Emphasis has been put on public safety by Gov. Phil Bryant for the session that is only weeks away, and a comprehensive set of policy recommendations were set forth by the task force.

For some serious or violent offenders, penalties will be increased by raising minimum days a person must serve before being let out.  The task force is recommending those criminals serve at least 50 percent of their sentence before being let out, no matter what.

As for non-violent criminals and violators, they would be mandated to serve at least 25 percent of their sentence before being let out.  Also more lower-level offenders would be steered into drug courts and other alternatives to save the state money and space.

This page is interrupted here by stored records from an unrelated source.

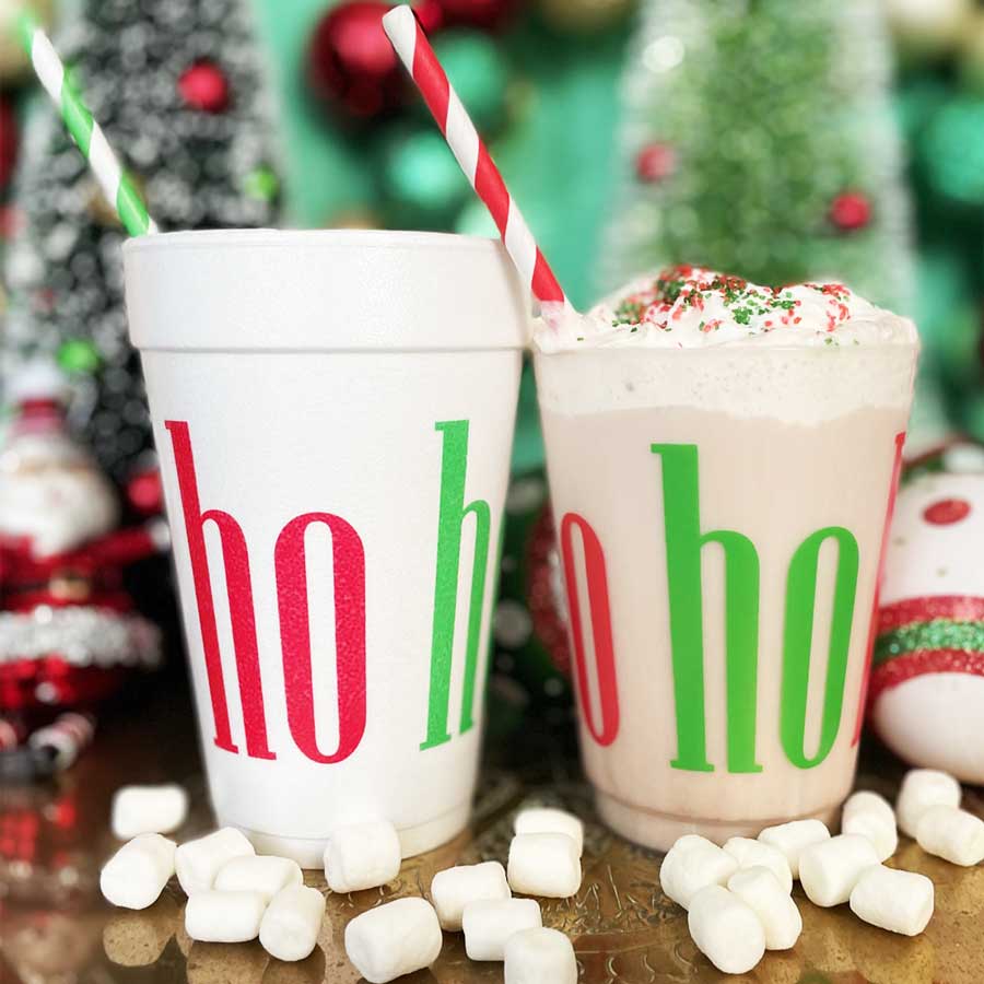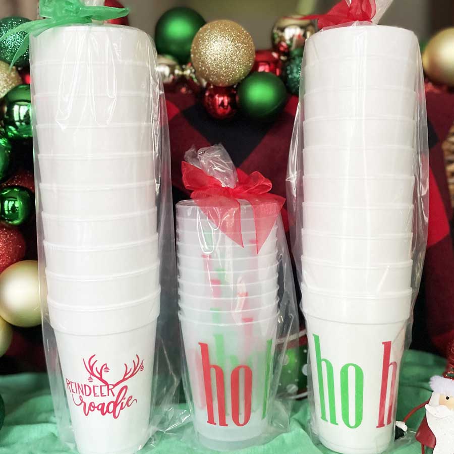 A perfect and affordable addition to your holiday gathering. Our 16 ounce holiday foam cup packs are available in 10 count sleeves. Each cup has “ho ho ho” written around the cup in both red and green ink. Each sleeve is tied with coordinating ribbon, so they are all ready to give as a gift.
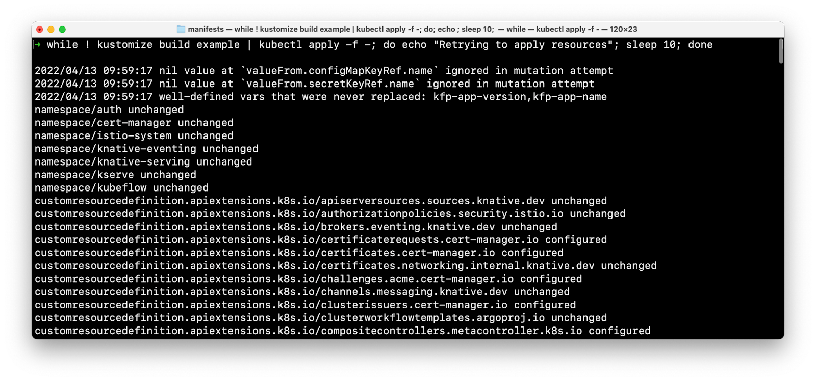 This command will take a few minutes to install all the resources needed by Kubeflow. If anything fails to apply, the command will continue attempting to apply it until it succeeds entirely.
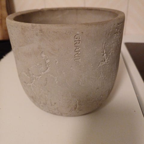 Granitin kukkaruukkuja huonekasveilla x3 ja yksi vähän erilainen. Myös yksi granitin kukkaruukku ilman kasvia. Koko korkeus 14 cm, halkaisija 16 cm. Yhteensä viisi ruukkua, joissa yhdessä ei kasvia.

“We cannot continue down the path we are on,” said Gov. Bryant. “By enacting these policies we will improve public safety by keeping violent and career criminals behind bars, putting the appropriate resources into alternatives for nonviolent offenders, and ensuring our citizens get the best results for their tax dollars.”

In the last ten years the Mississippi prison population has grown by 17 percent, topping 22,600 inmates in July 2013.

The state also has the second highest imprisonment rate in the entire country, which costs taxpayers $339 million last year.

“Using data and research to develop a comprehensive package of policies was the right approach,” said Lt. Gov. Tate Reeves. “Mississippi is joining the growing number of states leading the way towards evidence based, data-driven, fiscally sound criminal just systems.”

If no change is made, according to the task force, prison costs for taxpayers will rise $266 million over the next decade.

“As public servants, two of our highest goals are to protect the safety of all citizens and ensure that taxpayer money is spent in the wisest and most cost-effective manner,” said House Speaker Phillip Gunn. “We must seek out ways to do a better job at both.”

The five targeted objectives below will save the state the entire growth costs of $266 million over the next decade according to the task force:

  • Ensure certainty and clarity in sentencing.
  • Expand judicial discretion in imposing alternatives to incarceration.
  • Focus prison beds on violent and career offenders.
  • Strengthen supervision and interventions to reduce recidivism.
  • Establish performance objectives and measure outcomes.

Corrections Commissioner Chris Epps said they hope to curb prison growth by targeting those areas in the next legislative session coming up in January.

“This package will achieve saving while protecting public safety and responding to requests from judges and victims for a clear and accountable sentencing system,” he said.